In the 2010 election, Heaps and Berardinetti again competed for the ward. One of the major issues was bike lanes in the ward. Berardinetti claimed that unconnected bike lanes on Pharmacy Avenue and Birchmount Road were leading some residents who lived on those streets to move out of the ward. Berardinetti, who described them as "bike lanes to nowhere", said that she would replace them with sharrows. Heaps said that the bike lanes were put in place by the previous councillor. He said that the best alternative was to link up the existing network rather than approve any more stand alone bike lanes. Heaps lost the election to Berardinetti by 2,203 votes. Councillor Heaps is also recognized for creating Warden Hilltop Community Centre - the first public building in Toronto to be LEED (Leadership in Energy and Environmental Design) Silver certified featuring a geothermal heating and cooling system, green roof and solar power.
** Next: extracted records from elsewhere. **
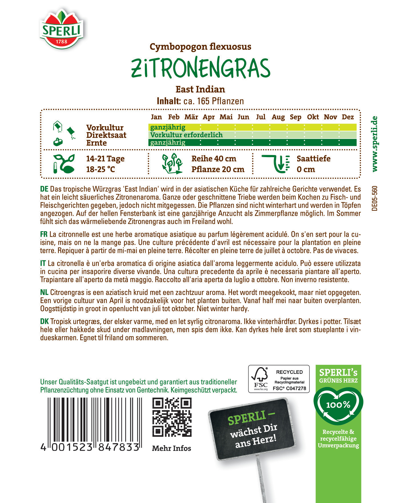 Wenn Du unkonventionell Deine Fisch- und Fleischgerichte verfeinern möchtest, ist das Zitronengras 'East Indian' von SPERLI genau das Richtige für Dich! Es hat einen zitronenartigen und etwas säuerlichen Geschmack und wird vor allem in der asiatischen Küche im Ganzen oder geschnitten zum Würzen verwendet. Doch Achtung: Mitgegessen wird es nicht!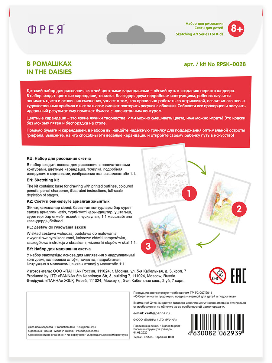 В набор входит: основа для рисования с напечатанными контурами, цветные карандаши, точилка, подробная инструкция с картинками, изображения этапов в масштабе 1: 1Размер упаковки: 164х224 мм. Детский набор для рисования скетчей цветными карандашами - лёгкий путь к созданию первого шедевра. Благодаря двум подробным инструкциям, ребенок научится понимать цвета и основы их смешения, узнает о том, как правильно работать со штриховкой, освоит много новых художественных приёмов, и шаг за шагом сможет повторить рисунок с обложки. Соблюсти все пропорции и получить идеальный результат ему поможет бумага с напечатанным контуром. Выясните, на что способны эти весёлые карандаши, и откройте своему ребёнку путь в искусство! Сообщить о неточности в описании Подборки товаров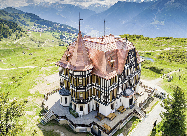 Diese überaus erhaltenswerte, um 1900 im viktorianischen Stil erbaute Villa wurde im Sommer 2019 renoviert. Der Umbau umfasste unter anderem die energetische Sanierung sowie die Überarbeitung des Raumkonzepts. Wichtigster Projektteil war (zumindest aus Spenglersicht) die Gesamtsanierung des 45-jährigen Daches. Dank sehr guter Zusammenarbeit mit Architekt und Bauherrschaft ist es gelungen, eine gewaltige Kupfer-Dachlandschaft zu realisieren. Die Bauaufgabe war angesichts der Dachgeometrie und der hochalpinen topografischen Lage besonders anspruchsvoll. Der ausführende Fachbetrieb G. Bosshard AG aus Altdorf fertigte ein einzigartiges Metalldach im Doppelstehfalzsystem. Das weithin sichtbare, technisch anspruchsvolle Doppelstehfalzdach besteht aus 38 Teilflächen. Das gesamte Kupferdachgefüge besteht aus: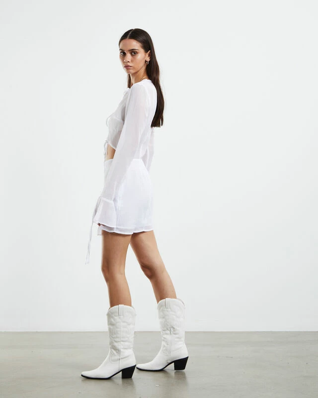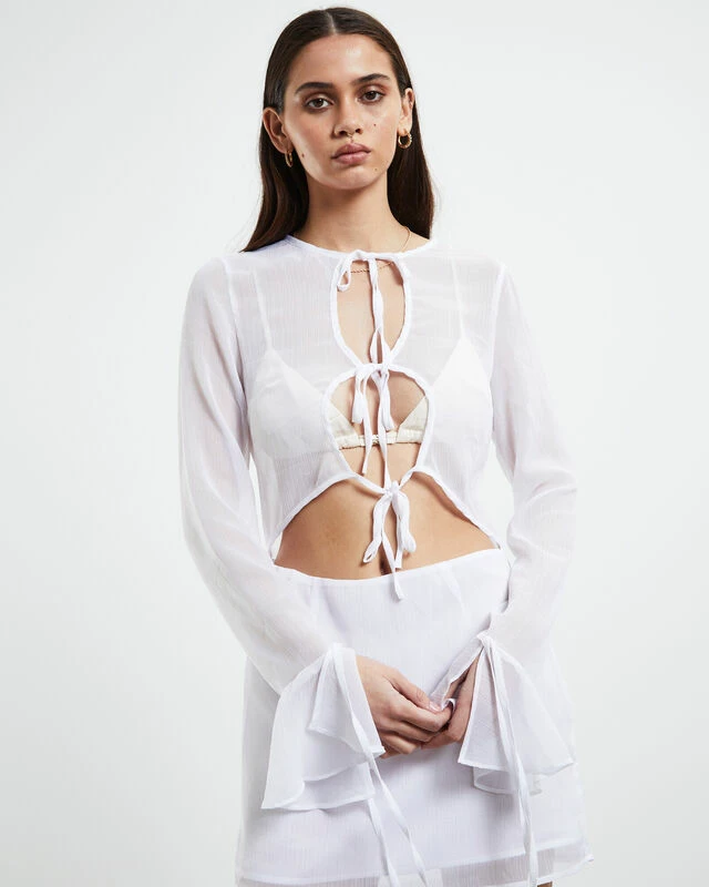 The Riviera Dress by SNDYS is crafted from a lightweight fabrication and is a sheer style. The dress comes in a white colourway and features a lined skirt, mini length, tie-up front details and long bell sleeves with a tie-up detail. Complete the look with a lace bralette and strappy heels.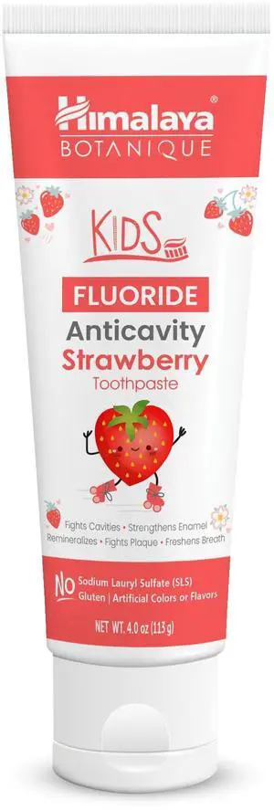 Botanique Kids Fluoride Anticavity Toothpaste, Strawberry Flavor, Fluoride Toothpaste, Helps Prevent Cavities, Vegan, SLS Free, No Artificial Colors or Flavors, Gluten Free, 4 oz (113 g)- Brand: Himalaya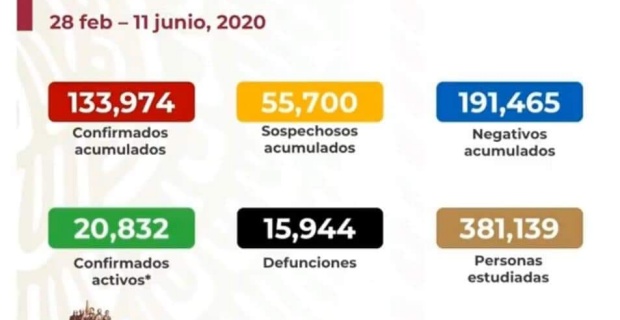 CORONAVIRUS EN MÉXICO AL 11 DE JUNIO: 15,944 MUERTOS Y 133,974 INFECTADOS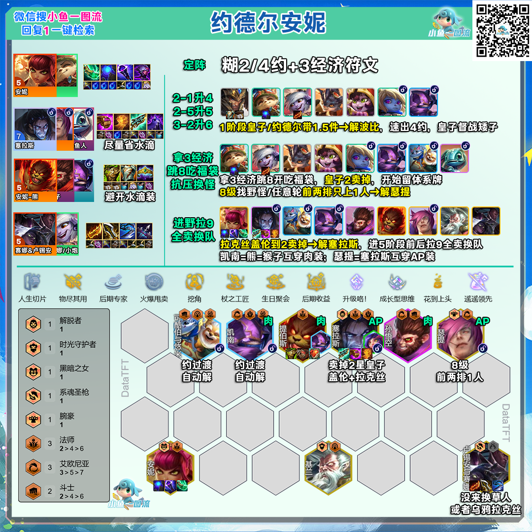 云顶之弈S16版本英雄联盟传奇主题,在新赛季会增加很多新的羁绊和棋子,还有不少老羁绊,老英雄的回归,那么有不少小伙伴好奇新赛季有什么强力阵容,下面就给大家带来s16约德尔安妮阵容推荐。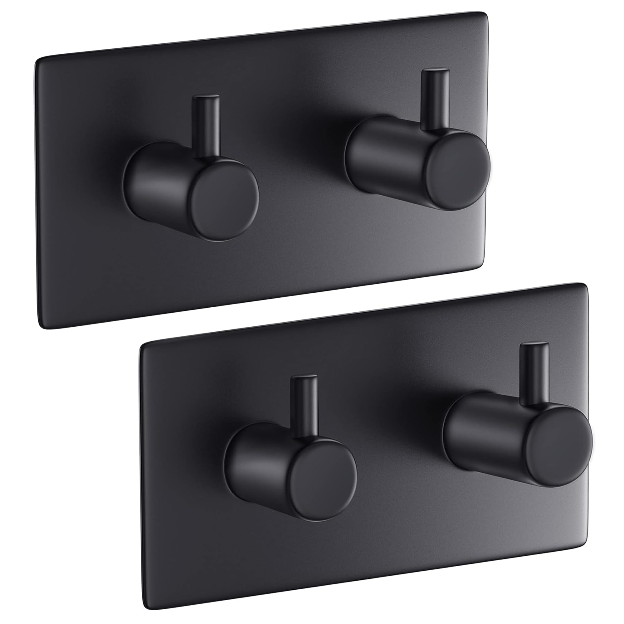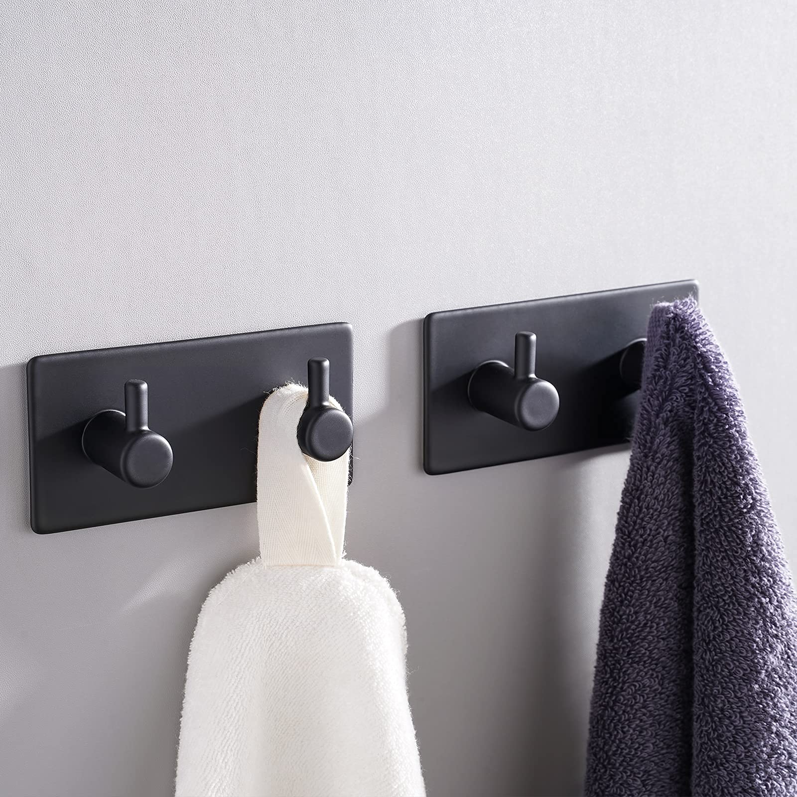 Aikzik Handtuchhalter ohne Bohren, 2er Set, Badezimmer Handtuchhalter aus Edelstahl, Klebehaken extra stark, Selbstklebend Haken für Bad und Küche, Schwarz

In 2014, Heaps applied to be appointed by Toronto City Council to fill out the term of Ward 20 Councillor Adam Vaughan after the downtown councillor resigned his seat to successfully stand for parliament. Heaps was eliminated on the first ballot.

==Election results==

2006 Toronto election, Ward 35
| Candidate | Votes | % |
| Adrian Heaps | 2,949 | 23.8% |
| Michelle Berardinetti | 2,860 | 23.1% |
| Dan Harris | 1,853 | 14.9% |
| Elizabeth Moyer | 1,371 | 11.1% |
| Mike Kilpatrick | 1,098 | 8.9% |
| Worrick Russell | 786 | 6.3% |
| Sharif Ahmed | 669 | 5.4% |
| Norman Lovatsis | 436 | 3.5% |
| Jason Carey | 113 | 0.9% |
| Armando Calderon | 94 | 0.8% |
| Michael Brausewetter | 89 | 0.7% |
| Tony Festino | 52 | 0.4% |
| Axcel Cocon | 30 | 0.2% |
| Total | 12,400 | 100% |

2010 Toronto election, Ward 35
| Candidate | Votes | % |
| Michelle Berardinetti | 8,293 | 50.46% |
| Adrian Heaps | 6,020 | 36.62% |
| Malik Ahmad | 850 | 5.17% |
| Victoria Doyle | 429 | 2.61% |
| Ed Green | 253 | 1.54% |
| John Lewis | 183 | 1.11% |
| Jay Burnett | 173 | 1.06% |
| Peter Tijiri | 90 | 0.55% |
| John Morawietz | 76 | 0.46% |
| Jason Woychesko | 70 | 0.43% |
| Total | 16,437 | 100% |

Results as of October 26, 2010 03:55 AM. 42 out of 42 polls.